The CFA Institute has been forced to defend its efforts to create a global standard for environmental, social and governance investing after many asset managers poured cold water on the initiative.
Investors are demanding more information about ESG risks in their portfolios given the explosion of interest in sustainable investing. Yet a lack of standards means that managers’ disclosures vary wildly, fuelling greenwashing concerns.
The CFA, the global organisation that hands out the coveted designation of “Chartered Financial Analyst”, recently became the latest body to try to inject order into the space by starting work on a standardised framework for ESG disclosures.
However a number of large asset managers and their trade bodies have rejected the CFA’s initiative, saying it would add confusion at a time when global policymakers’ responses to ESG are still developing.
The Washington-based Investment Company Institute, whose members manage $26tn in assets, said in a consultation response that it “[did] not believe that it is possible for the CFA Institute to drive convergence around a global standard at this time”.
Policymakers in Europe and the US are already on different paths. While the EU will next year roll out rules forcing asset managers to make detailed disclosures about the sustainability of their investments, US regulators have strongly pushed back against ESG investing. However, some believe this could change when president-elect Joe Biden enters the White House.
According to the ICI, the CFA standard “cannot avoid or reconcile all potential conflicts and overlapping requirements” and would “only add another layer of complexity and likely divergence for asset managers”.
This view was echoed by Sifma AMG, the asset management division of the Wall Street lobbying group whose members have $45tn under management, which called on the CFA to suspend its work “until US regulatory thinking has been further developed in this space”.
Franco-Belgian asset manager Candriam added that the standard would create additional costs for Europe-based funds that already have to contend with multiple ESG disclosure requirements.
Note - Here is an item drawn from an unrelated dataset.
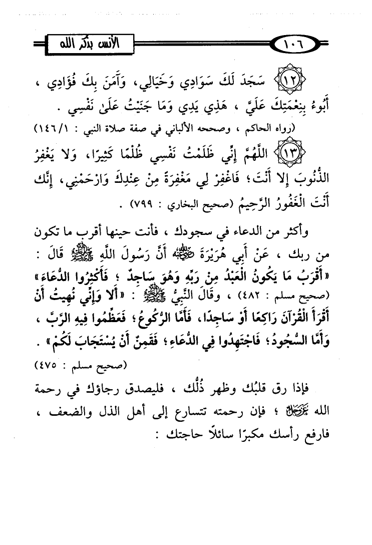 (13) اللَّهُمَّ إِنِّي ظَلَمْتُ نَفْسِي ظُلْمًا كَثِيرًا، وَلا يَغْفِرُ الذُّنُوبَ إِلا أَنْتَ؛ فَاغْفِرْ لِي مَغْفِرَةً مِنْ عِنْدِكَ وَارْحَمْنِي، إِنَّك أَنْتَ الْغَفُورُ الرَّحِيمُ (صحيح البخاري: 799).

But Chris Fidler, industry standards senior director at the CFA, said that the institute would not back down, arguing that its global mandate meant it had a duty to help investors and practitioners beyond the US and Europe.
“There are an awful lot of markets that haven’t even started contemplating regulations for ESG disclosures yet,” he said. “We feel it’s our responsibility to provide guidance to them on how to tackle this ethical challenge.”
The CFA, which plans to issue the next draft of its voluntary standard in May 2021, believes its experience developing widely used global investment performance standards known as GIPS means it is well placed to become a global standard setter for ESG.
Not all asset managers opposed the CFA’s work, with Aegon Asset Management, RBC Global Asset Management and Lazard Frères Gestion endorsing the move.
The CFA will enter an already crowded market. Industry association Eurosif launched its voluntary ESG disclosure standard in 2008 while the International Organization of Securities Commissions, the global umbrella body for securities regulators, recently announced its own push to harmonise sustainability disclosure standards.
Mr Fidler said the CFA would closely monitor the emerging landscape to avoid clashes with other disclosure frameworks.
“We very much acknowledge the challenges that asset managers face when regulations are in flux or uncertain,” said Mr Fidler. Despite this, he argued that standards would more closer together over time, adding that this would benefit investment groups by making it easier for investors to compare funds.